‘American Sweatshop’ Movie Review: Cyber-Moderator Exposé Triggers And Sticks With You 

Photo from Brainstorm Media

From Jeremy Kibler

Before you go and complain about how awful your job might be, the daily grind of working as an Internet moderator seems crippling on one’s morality and mental health (not to mention eye strain and poor posture). That’s at least the way such a vocation is presented in American Sweatshop, a cautionary tale about online culture and its detached, desensitizing effect without being preachy. As written by Matthew Nemeth and directed by Uta Briesewitz, the film is most provocative and fascinating as a workplace exposé about the psychological toll of getting paid to watch than it is when shifting more into a justice-seeking tech thriller. Even so, American Sweatshop is still riveting. 

The always-charming Lili Reinhart takes on darker material in playing Daisy, a 25-year-old Floridian who works an office job as a content moderator. Day in and day out, she sits in front of a computer reviewing user-flagged video posts (porn, violence, animal cruelty, you name it) that violate the company’s guidelines. Each post is considered a “ticket,” but “nuance is key” in what differentiates between merely offensive content that can be approved and offensive content that needs to actually be reported and removed. When Daisy comes across one particularly violent video in which a creepy-looking man inflicts pain upon a woman chained to a bed, it disturbs her so much that she faints at her desk. Daisy wants to report the video to the police, but her German boss, ironically named Joy (icily played by Christiane Paul), won’t bring in the authorities, which would present consequences for the company. Naturally, Daisy won’t rest or remain sane until she finds the man responsible and confronts him.

Watching people watch videos all day does not sound inherently cinematic (that’s just our new normal in everyday life), but director Uta Briesewitz finds a way into making this profession compelling to watch. Daisy and her colleagues at the sterile, corporate Paladin office watch so no else has to, but they’re not censors, just overseers. As Daisy puts it, they’re the “first responders of the Internet,” promoting a safe space online. As it would be very easy for the film to have its cake and eat it too (i.e. condemning these videos but getting thrills out of said videos), Briesewitz doesn’t sensationalize any of the depravity but is very judicious in what she shows (sometimes in close-ups on Daisy’s eyes) and what she doesn’t show when effective sound design gets the job done effectively. 

Daisy is written and acted with a backbone, and it is Lili Reinhart’s tough, engaging lead performance that remains the glue. The film fortunately finds a curiosity in Daisy and in giving her a voice. A first date provides some insight into why Daisy does what she does and why she isn’t able to pursue nursing. As a way to cope, decompress and possibly numb herself, Daisy not only gets high after work but sometimes even during work on her break. One key character turn, as impulsive and alcohol-induced as it is to be justified, strikes a little false in Daisy’s mental collapse, but Reinhart is commanding at every moment and makes the arc feel plausible.
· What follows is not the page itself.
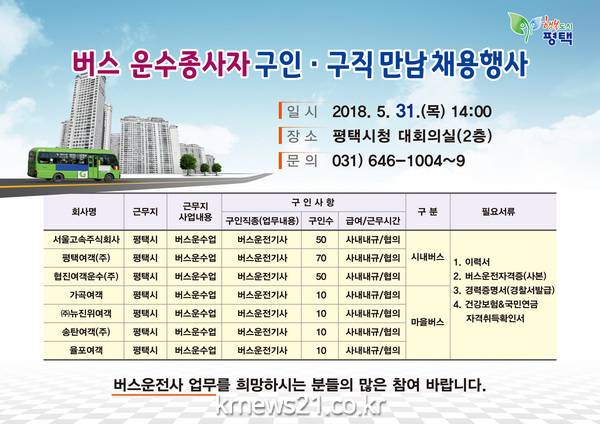 평택시는 ‘버스 운수종사자 구인구직 채용행사’를 오는 5월 31일 오후 2시 시청 대회의실에서 개최한다.
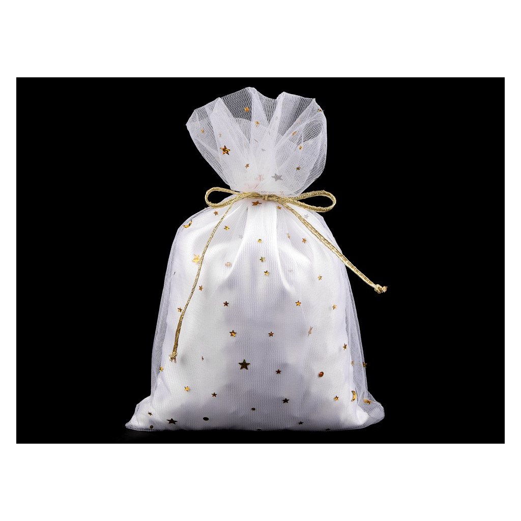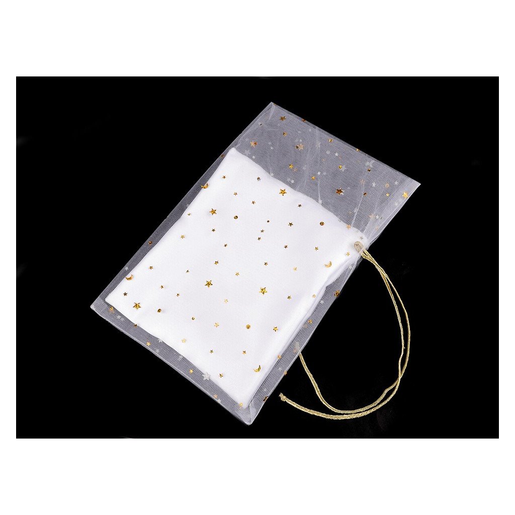 Vánoční dárkový pytlík tylový 19x27 cm s hvězdami, bílý se zlatými hvězdičkami.

The film is dotted with other personalities in Daisy’s colleagues as played by Daniela Melchior (The Suicide Squad), as feisty and unfazed Ava; Joel Fry (Cruella), as loud-mouthed wild card Bob; and Jeremy Ang Jones, as anxious, overqualified new guy Paul, who gets a truly poignant moment where he leaves work early after watching a rather trigging video and goes home to his dog. An entire film could have been made about this workspace, but Matthew Nemeth’s screenplay does eventually have to become a makeshift detective story as Daisy adopts a hero complex. Interrogating the reality of living online with a magnetic Lili Reinhart as our tour guide, American Sweatshop is hard to shake.

Rating: 3.5/5

American Sweatshop is currently in theaters.